According to HTML5 spec, the cite attribute must be a valid URL, then, the IRI based fragment selector (ID) must be converted into URL (Location), strictly speaking. Since "%" in IRI is not a part of reserved character in URL, the letters, such as %20, %3D, %2C, %23, which are percent encoded in the selector mapping process must be re-encoded and will become %2520, %253D, %252C, %2523, respectively. I don't think it is necessary to modify the examples, they are valid URLs fortunately, but I think the process of IRI to URL conversion should be mentioned in the section.

By the way, are there any strong reasons to express the fragment selector as ID? The selector itself is well structured and the selected text, or something, could be identical with another representation of fragment selector (ID). Do we need to tell them apart?
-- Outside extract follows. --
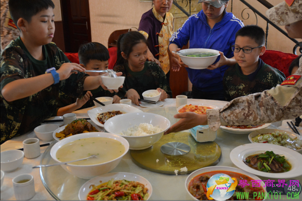 帶隊老師身先士卒,幫助上菜的服務(wù)員上菜,而小隊的正副隊長在老師的提示下,積極主動的幫隊友們添飯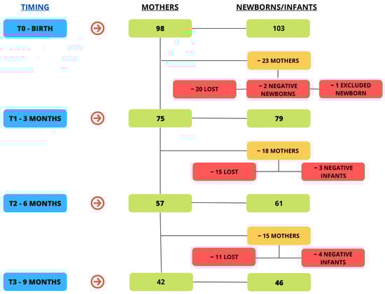 Over the 9-month follow-up period, 75 (76.5%) mothers and 79 (76.7%) babies were checked at T1, 57 (58.2%) mothers and 61 (59.2%) babies at T2, and 42 (42.9%) mothers and 46 (44.6%) babies were able to attend the last follow-up visit at T3. In nine cases, the dyad was not admitted to the subsequent follow-up step because the baby serum was negative for SARS-CoV-2 antibodies at the previous check; one newborn was excluded, as per exclusion criteria, because she had received a blood transfusion. Other withdrawals occurred for personal reasons.

BigBlueHat commented 7 years ago

@tkanai good point on the IRI thing...not sure how best to mention that though without opening pandora's box. πŸ˜• Thoughts?

By the way, are there any strong reasons to express the fragment selector as ID? The selector itself is well structured and the selected text, or something, could be identical with another representation of fragment selector (ID). Do we need to tell them apart?
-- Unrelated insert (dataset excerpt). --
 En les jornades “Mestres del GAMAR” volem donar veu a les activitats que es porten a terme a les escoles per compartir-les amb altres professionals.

Do you mean that you could reference a paragraph by both it's author-given fragment ID (ex: #para1) and via a Selector Fragment (ex: #selector(type....))? The biggest difference being that one doesn't need the author of the referenced text to name all the things--which I know you know. πŸ˜„ Should we mention that?

tkanai commented 7 years ago

@BigBlueHat No, I'm talking about Selector Fragment Identifier only. We can "identify" a text on a Web page with both Selector Fragment Identifier with Text Quote Selector (IRI-Alice) and Selector Fragment Identifier with Text Position Selector (IRI-Bob), for example. Then the question was do we need to call the text with its name (Alice, Bob)? If Selector Fragment Identifier is to be used to get to the text, I think it should be called with its location or address which tells us where the text is, rather than its name. It means both Alice's address and Bob's address should be used for that purpose.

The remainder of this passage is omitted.